July 21, 2005 5:38 AM  
Anonymous Anonymous said...

i think david's recommendation of vaughan is an excellent point - for in this case the guitar is the voice - the main voice- vaughan is only adding his voice and lyrics as backround for the sound and movement the guitar is producing and taking you too. lucia is very much the same - the musical theme is in the flow of the guitar and drum, bass, vocals only enhance what the guitar is trying to accomplish. sometimes itis like listening to the vocals of billy holiday- close your eyes and listen to where her voice is taking you in the song, how she makes you feel- early. early eric clapton even as derrik and the dominos (although david you may not agree with that) or my favorite harrisons "while my guitar gentally weeps" all do the same for me-
uncle steve adds joe satriani as a perfect example pure guitar as voice in a rock (not blues) genre-
oops- i've rambled too long

July 30, 2005 7:22 PM  
Anonymous patty said...

ok, that was patty

July 30, 2005 7:23 PM  
Blogger Jadagul said...

I think were actually agreeing. A lot of music, especially pop, rock, and blues music, is driven by the guitar and uses the guitar as its main "voice." When you listen to the song you're supposed to listen to the guitar as the main element, and I don't. I ignore the guitar to listen to the other stuff‐the piano and the drums and the lyrics—and when the other stuff is just there to enhance the guitar, that leaves out a lot.

July 30, 2005 8:59 PM  
Blogger keith said...

Jay, Rush is actually a really bad place to start. Their lyrics are a little Objectivist but a lot prosaic. They're not much for melody or hooks. They come off a little cold and dispassionate. To compound the problem, they take themselves way too seriously. In short, they lack most of the things that make rock 'n' roll fun.

The recommendations I see here are great ones. They're sort of the two sides of the coin. Joe Satriani (following in the footsteps of his hard rock and fusion influences) gets his point across with lots of notes . Stevie Ray Vaughan (following in the footsteps of his blues influences) gets his point across with one or two. Satriani's genius, for my money, is his flawless technique (the kind of riffs that will, to use your phrase, make you sit up and take notice) and killer melodic sense. Meanshile, Stevie Ray's genius is that with those one or two notes he conveys the same amount of emotion (and maybe even more).

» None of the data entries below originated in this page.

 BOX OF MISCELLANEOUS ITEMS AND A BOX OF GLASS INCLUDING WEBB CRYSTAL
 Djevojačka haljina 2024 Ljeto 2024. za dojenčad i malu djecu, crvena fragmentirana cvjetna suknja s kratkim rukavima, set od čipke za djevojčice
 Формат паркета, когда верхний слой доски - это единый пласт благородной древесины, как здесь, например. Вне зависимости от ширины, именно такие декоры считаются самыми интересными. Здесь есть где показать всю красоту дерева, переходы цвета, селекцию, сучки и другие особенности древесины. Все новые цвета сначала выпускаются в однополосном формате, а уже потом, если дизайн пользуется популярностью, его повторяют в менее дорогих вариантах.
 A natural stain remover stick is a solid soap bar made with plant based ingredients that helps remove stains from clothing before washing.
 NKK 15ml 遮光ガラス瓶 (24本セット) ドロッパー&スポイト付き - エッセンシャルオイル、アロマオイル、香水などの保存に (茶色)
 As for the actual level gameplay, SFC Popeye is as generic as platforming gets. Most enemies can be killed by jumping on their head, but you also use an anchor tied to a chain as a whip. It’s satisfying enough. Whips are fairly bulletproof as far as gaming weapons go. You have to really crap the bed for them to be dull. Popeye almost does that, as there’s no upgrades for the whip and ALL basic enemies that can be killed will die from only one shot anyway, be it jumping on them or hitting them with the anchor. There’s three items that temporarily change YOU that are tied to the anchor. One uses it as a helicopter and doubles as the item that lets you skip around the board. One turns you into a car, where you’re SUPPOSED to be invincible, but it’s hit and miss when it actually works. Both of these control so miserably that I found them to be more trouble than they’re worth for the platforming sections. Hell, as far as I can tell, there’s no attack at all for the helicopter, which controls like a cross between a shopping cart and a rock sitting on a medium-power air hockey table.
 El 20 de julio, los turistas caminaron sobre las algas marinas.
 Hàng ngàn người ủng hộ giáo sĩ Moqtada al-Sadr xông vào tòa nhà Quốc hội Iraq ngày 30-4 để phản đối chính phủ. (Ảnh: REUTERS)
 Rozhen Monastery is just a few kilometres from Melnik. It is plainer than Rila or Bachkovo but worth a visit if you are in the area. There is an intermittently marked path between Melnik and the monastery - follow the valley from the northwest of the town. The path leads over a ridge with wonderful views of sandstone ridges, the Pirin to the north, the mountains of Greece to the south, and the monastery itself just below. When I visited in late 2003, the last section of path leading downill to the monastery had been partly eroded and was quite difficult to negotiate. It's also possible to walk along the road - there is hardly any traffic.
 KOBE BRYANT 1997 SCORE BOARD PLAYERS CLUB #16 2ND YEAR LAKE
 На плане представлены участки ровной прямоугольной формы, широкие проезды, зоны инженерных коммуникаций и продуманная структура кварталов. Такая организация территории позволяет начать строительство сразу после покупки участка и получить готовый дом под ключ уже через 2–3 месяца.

If you want the whole package, guitarlyricsvocalssound, I would recommend, off the top of my head and in no particular order, Matthew Sweet, Richard Thompson, and Jeff Buckley.

July 31, 2005 9:29 PM  
Blogger McAfee said...

Rush is fine, but more than a little dated.  If you're looking for something similar but more contemporary, I'd check out a band called Coheed and Cambria.  Coheed's most recent CD, In Keeping Secrets of Silent Earth: 3 came out in 2003.  It's a science fiction theme album reminiscent of Rush's 2112.  The singer is a guy named Claudio Sanchez and he's got high-pitched power vocals that I think trump Geddy Lee.  The record weaves a dark sci-fi story that ranges from mysterious to incomprehensible, with track titles like "Cuts Marked in the March of Men" and "The Velourium Camper I:  Faint of Hearts."  The best track is the secret song at the end, "2113" (A Rush reference perhaps?).  It's an epic song that rises and falls, twisting through ten moods in nine minutes.  The music is solid, complex and melodic throughout the album and even if you don't grasp the story, it's a great listen.  If you like In Keeping Secrets, you should also check out Coheed's earlier release, Second Stage Turbine Blade, and the new album, Good Apollo, I'm Burning Star iV, Volume One:  From Fear Through the Eyes of Madness, scheduled for release in September.